__Aim of the exercise__
Take the records below and set down exactly the lines from the one with "Кварцевые электронные наручные" to the one with "- What Youβll", ends included; do not copy the pictures.

__Source material__
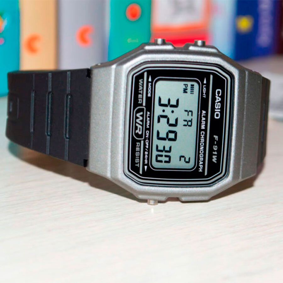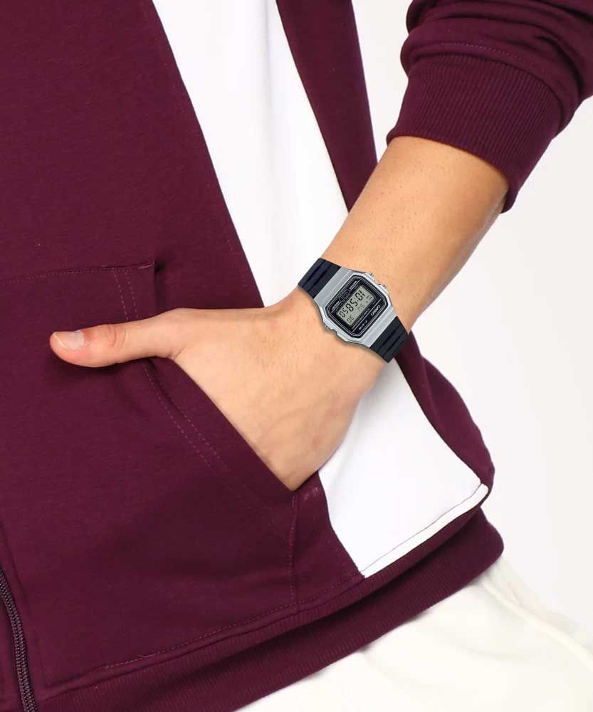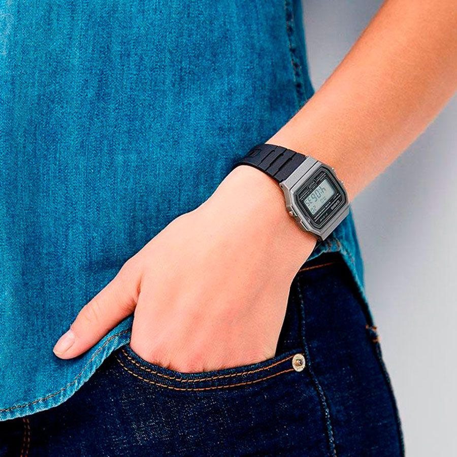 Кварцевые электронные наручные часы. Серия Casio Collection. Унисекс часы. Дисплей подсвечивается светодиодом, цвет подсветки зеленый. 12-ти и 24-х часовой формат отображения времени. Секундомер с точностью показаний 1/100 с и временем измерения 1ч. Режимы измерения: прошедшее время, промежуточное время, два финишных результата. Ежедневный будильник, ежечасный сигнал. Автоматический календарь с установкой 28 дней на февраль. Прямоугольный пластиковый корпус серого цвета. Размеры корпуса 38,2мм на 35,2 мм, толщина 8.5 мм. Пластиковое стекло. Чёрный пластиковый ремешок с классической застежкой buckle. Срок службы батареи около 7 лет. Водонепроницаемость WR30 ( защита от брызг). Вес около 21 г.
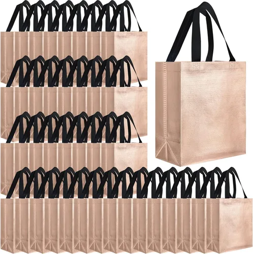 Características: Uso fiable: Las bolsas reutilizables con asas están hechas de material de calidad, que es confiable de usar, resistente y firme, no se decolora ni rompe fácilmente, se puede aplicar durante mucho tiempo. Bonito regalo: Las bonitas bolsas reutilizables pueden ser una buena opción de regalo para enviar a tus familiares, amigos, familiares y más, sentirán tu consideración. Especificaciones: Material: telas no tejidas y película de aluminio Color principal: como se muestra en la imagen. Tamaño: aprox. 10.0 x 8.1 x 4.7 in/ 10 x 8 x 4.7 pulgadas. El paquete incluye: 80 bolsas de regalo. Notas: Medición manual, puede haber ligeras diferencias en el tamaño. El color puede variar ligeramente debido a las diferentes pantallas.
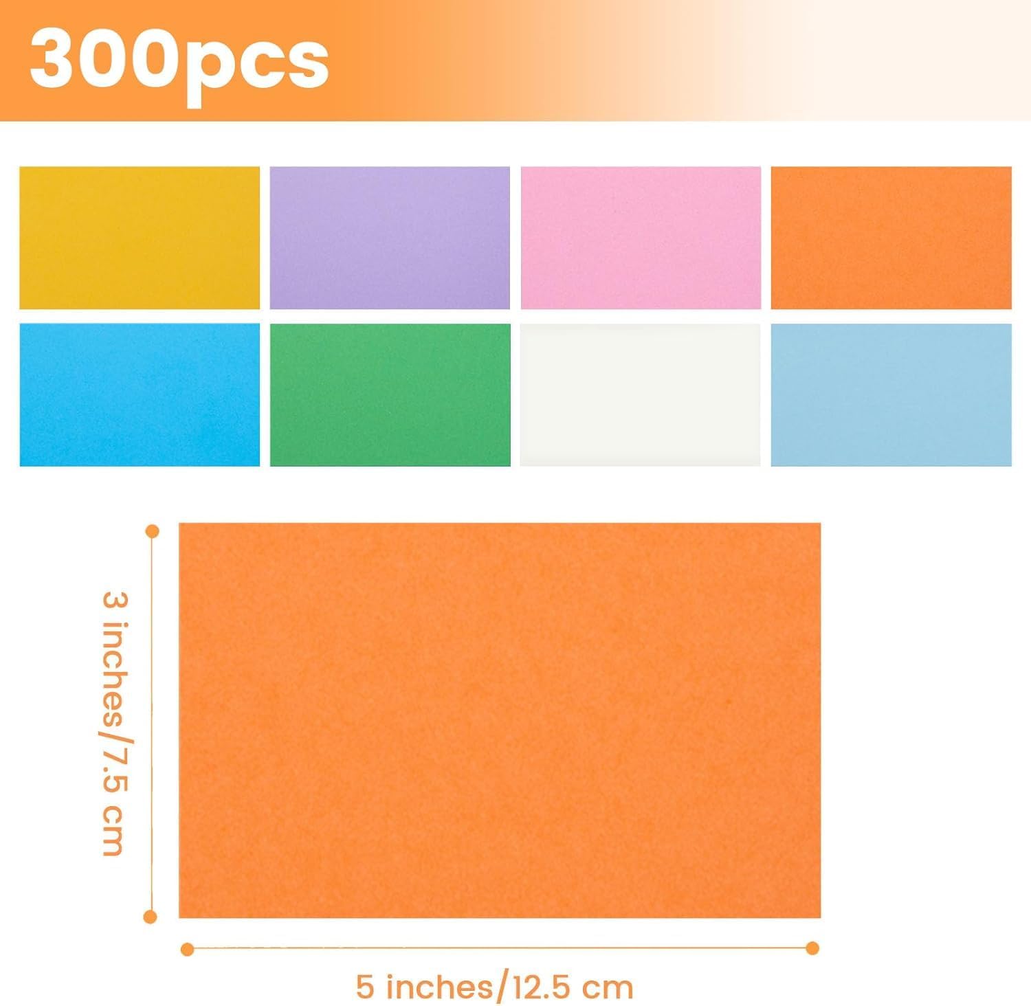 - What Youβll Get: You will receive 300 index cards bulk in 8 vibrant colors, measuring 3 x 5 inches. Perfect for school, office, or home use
---
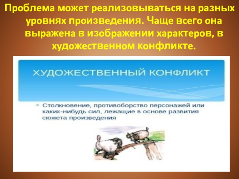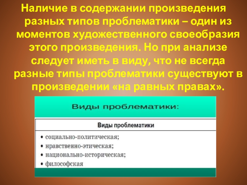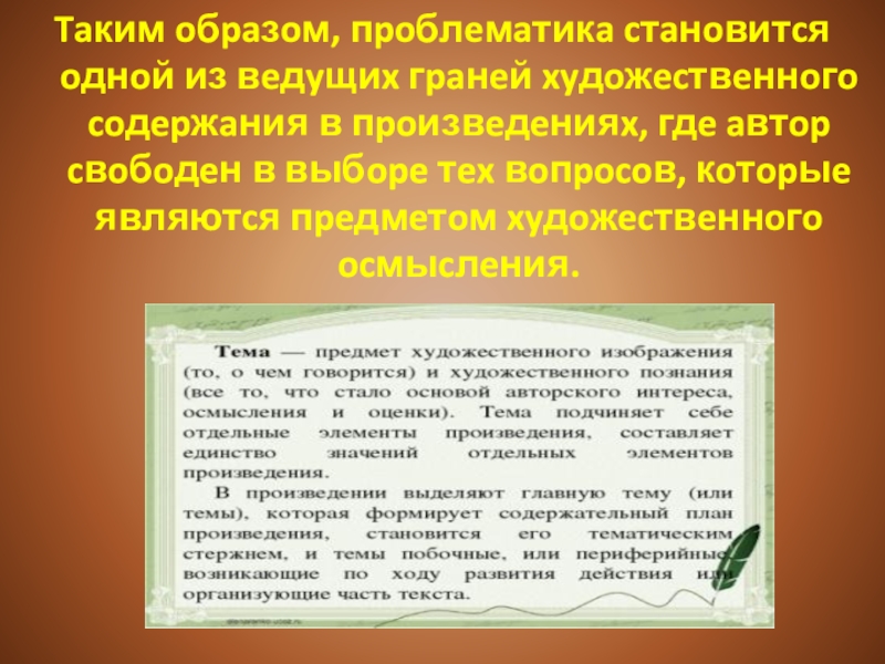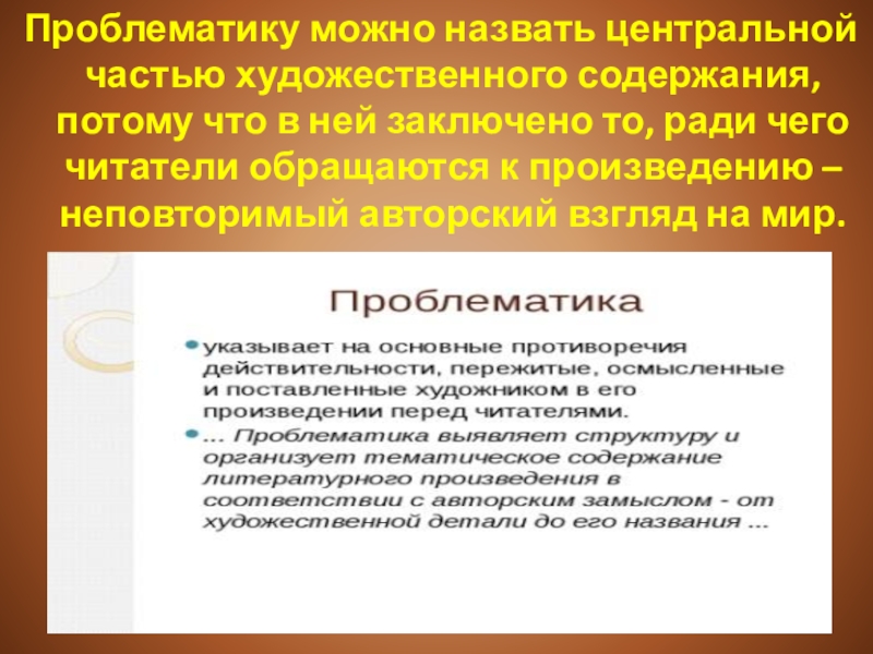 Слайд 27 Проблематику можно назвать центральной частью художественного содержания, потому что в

__Completed exercise__
 Кварцевые электронные наручные часы. Серия Casio Collection. Унисекс часы. Дисплей подсвечивается светодиодом, цвет подсветки зеленый. 12-ти и 24-х часовой формат отображения времени. Секундомер с точностью показаний 1/100 с и временем измерения 1ч. Режимы измерения: прошедшее время, промежуточное время, два финишных результата. Ежедневный будильник, ежечасный сигнал. Автоматический календарь с установкой 28 дней на февраль. Прямоугольный пластиковый корпус серого цвета. Размеры корпуса 38,2мм на 35,2 мм, толщина 8.5 мм. Пластиковое стекло. Чёрный пластиковый ремешок с классической застежкой buckle. Срок службы батареи около 7 лет. Водонепроницаемость WR30 ( защита от брызг). Вес около 21 г.
 Características: Uso fiable: Las bolsas reutilizables con asas están hechas de material de calidad, que es confiable de usar, resistente y firme, no se decolora ni rompe fácilmente, se puede aplicar durante mucho tiempo. Bonito regalo: Las bonitas bolsas reutilizables pueden ser una buena opción de regalo para enviar a tus familiares, amigos, familiares y más, sentirán tu consideración. Especificaciones: Material: telas no tejidas y película de aluminio Color principal: como se muestra en la imagen. Tamaño: aprox. 10.0 x 8.1 x 4.7 in/ 10 x 8 x 4.7 pulgadas. El paquete incluye: 80 bolsas de regalo. Notas: Medición manual, puede haber ligeras diferencias en el tamaño. El color puede variar ligeramente debido a las diferentes pantallas.
 - What Youβll Get: You will receive 300 index cards bulk in 8 vibrant colors, measuring 3 x 5 inches. Perfect for school, office, or home use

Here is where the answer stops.